Broaddus Matt, Park Edwin
Health Policy Department, The Center on Budget and Policy Priorities, Washington, DC 20002, USA.
J Ambul Care Manage. 2006 Oct-Dec;29(4):254-71. doi: 10.1097/00004479-200610000-00002.
In order to better inform the debate as federal policymakers prepare to reauthorize the State Children's Health Insurance Program (SCHIP) in 2007, this brief analyzes the key components of the financing structure of SCHIP including capped federal block-grant funding, the methodology for determining state's allotments of federal funding, the period of availability of allotments, and the redistribution of unspent funds.
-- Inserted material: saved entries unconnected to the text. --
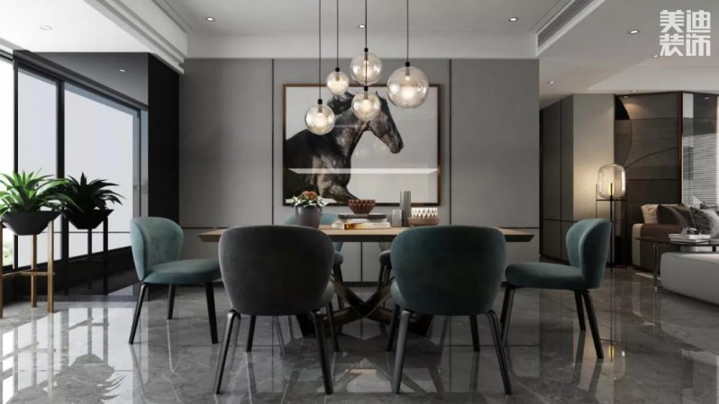 本案是一套面積為120平米的現(xiàn)代輕奢風(fēng)格三居,整體以高級(jí)灰色調(diào)為空間的主軸線,貫穿每個(gè)空間,孔雀綠的點(diǎn)綴賦予了空間層次感與輕奢感,冷靜低調(diào)而優(yōu)雅簡(jiǎn)約。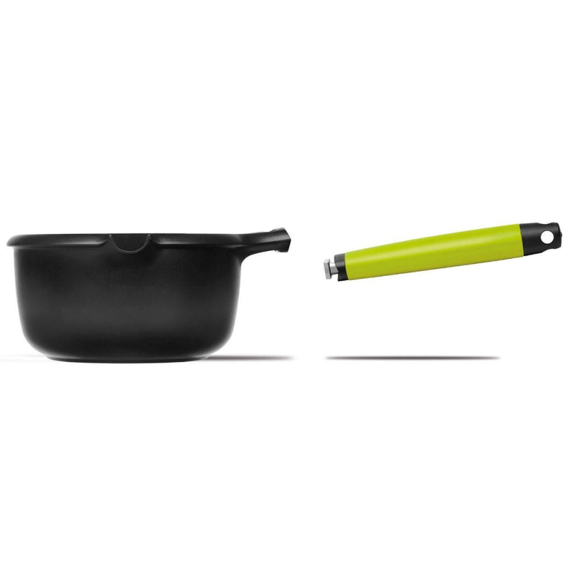 • Mango desmontable para limpiar a mano cómodamente, optimizar espacio en el armario y el lavavajillas, poner y quitar el producto del horno sin quemarse o convertirlo en un molde o cacerola.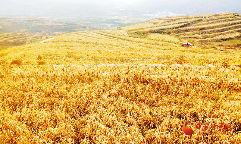 “看著金黃的谷田和一個個沉甸甸的谷穗,心里別提有多高興和踏實(shí)了。”看著傾注了自己一年心血和汗水的谷子喜獲豐收,村黨支部書記荊小軍臉上掛滿豐收的喜悅。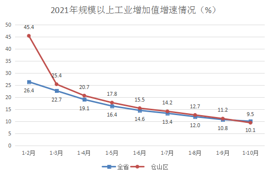 1-10月全区规上工业增加值比增9.5%,较上月下降1.7个百分点,与全市增速持平,低于全省0.6个百分点,连续5个月排名全市第三。1-10月全区规上工业总产值达到943.04亿元,比增15.8%,10月当月完成产值98.91亿元,比增7.4%。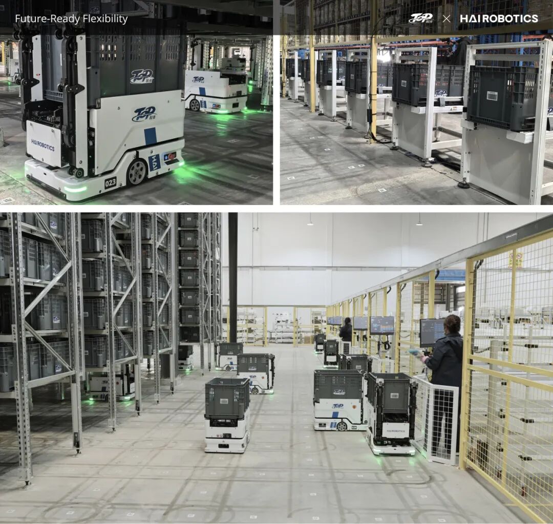 依托海柔创新智能系统与仓储机器人协同作业,脱普供应链科技鄂州基地仓实现日均35000单的高效履约。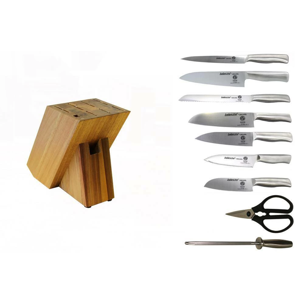 - 10-piece set includes, 1-forged 5 in. utility knife, 1-forged 5 in. santoku, 1-forged 6 in. chef’s knife, 1-forged 7 in. santoku, 1-forged 8 in. bread knife, 1-forged 8 in. chef’s knife, 1-forged 8 in. slicer knife, 1-8 in. honing steel, 1-forged 8 in. shears, 1-acaica wood block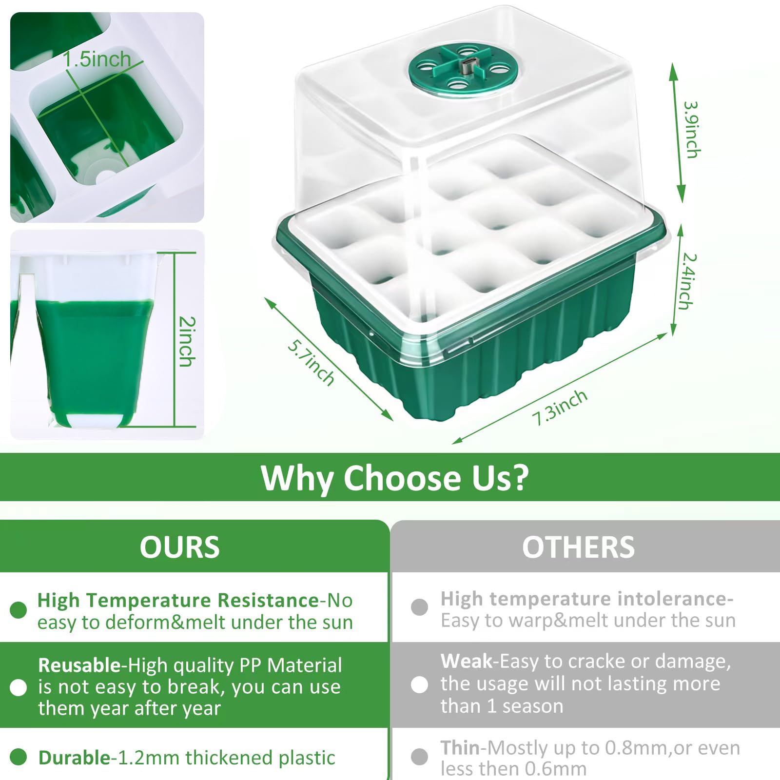 • 【Higher Adjustable Humidity Domes】: Heightened the height of the seedling starter tray' cover up to 3.9 inches, taller than most on the market, which can give the seedlings more room for growth better. Each transparent dome has 4 adjustable circular vents, can easily adjust the inner humidity and temperature by rotating the regulator, promote air circulation, help seed growth.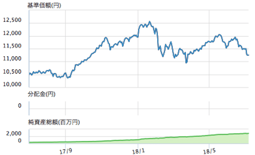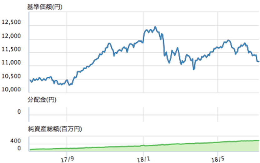 そのような投資信託は発売当初は人気が集まりやすいのですが、人気が冷めてしまうと徐々に価格が下がっていく傾向にあります。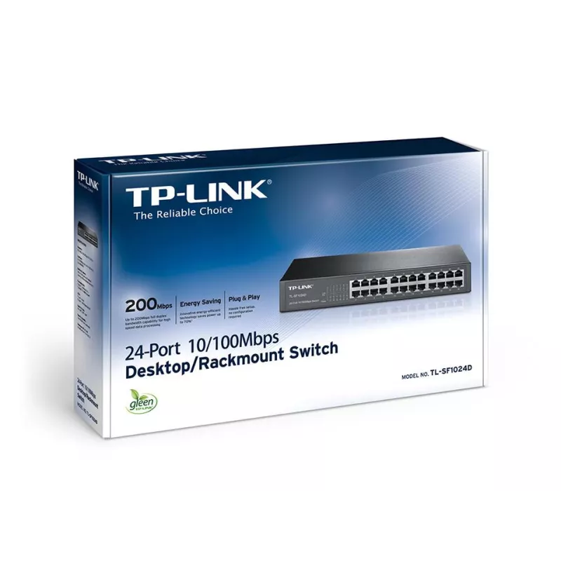 TP-LINK 24-PORT 10/100MBPS DESKTOP/RACKMOUNT NETWORK SWITCH. SWITCH TYPE: UNMANAGED. BASIC SWITCHING RJ-45 ETHERNET PORTS TYPE: FAST ETHERNET (10/100), BASIC SWITCHING RJ-45 ETHERNET PORTS QUANTITY: 24. FULL DUPLEX. MAC ADDRESS TABLE: 8000 ENTRIES, SWITCH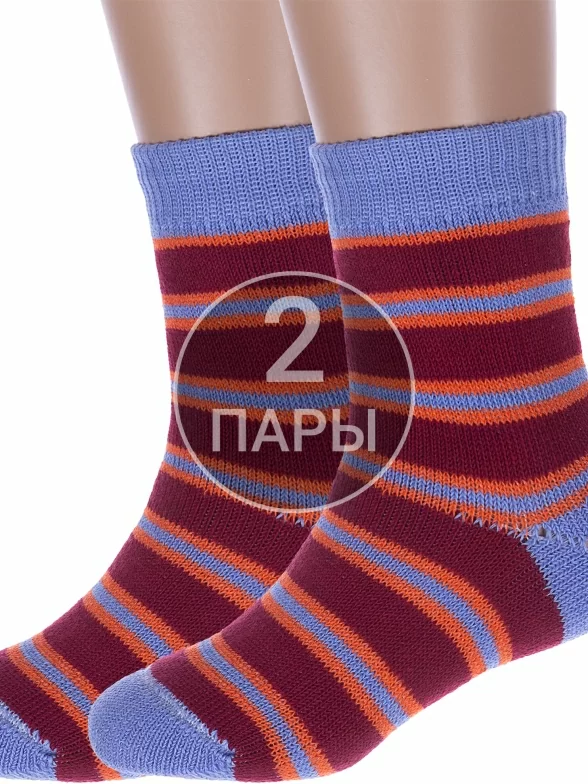Комплект детских носков из 2 пар, межсезонные или зимние, укороченные, цвет бордово-голубой, теплые, повседневные, махровые, возможно бесшовные, принт (рисунок): полоски, с узором, состав: 98% хлопок, 1.5% эластан, 0.5% полиамид, арт. 2-С114. Производитель «ООО Альтаир, г. Орск, Оренбургская обл, Россия» под брендом «Альтаир».

In addition, estimates presented in this brief indicate that under Congressional Budget Office baseline assumptions, SCHIP is reauthorized but annual SCHIP funding will be permanently frozen at 5.04 billion US dollars without any increases for population growth or healthcare inflation. As a result, states will suffer an aggregate federal SCHIP funding shortfall of 10.4 billion US dollars to 12.1 billion US dollars over the 5-year period from 2008 through 2012, thus placing SCHIP coverage of many low-income children at significant risk. As part of SCHIP reauthorization, federal policymakers should include substantial increases to SCHIP funding above baseline levels to avert these shortfalls.
为了在联邦政策制定者准备于2007年重新授权《州儿童健康保险计划》(SCHIP)时,更好地为相关辩论提供信息,本简报分析了SCHIP融资结构的关键组成部分,包括联邦封顶整笔拨款资金、确定各州联邦资金分配份额的方法、拨款的可用期限以及未使用资金的重新分配。此外,本简报中的估计表明,根据国会预算办公室的基线假设,SCHIP获得重新授权,但SCHIP年度资金将永久冻结在50.4亿美元,不会因人口增长或医疗保健通胀而增加。因此,在2008年至2012年的5年期间,各州将面临总计104亿美元至121亿美元的联邦SCHIP资金缺口,从而使许多低收入儿童的SCHIP覆盖面临重大风险。作为SCHIP重新授权的一部分,联邦政策制定者应大幅增加SCHIP资金,使其高于基线水平,以避免这些缺口。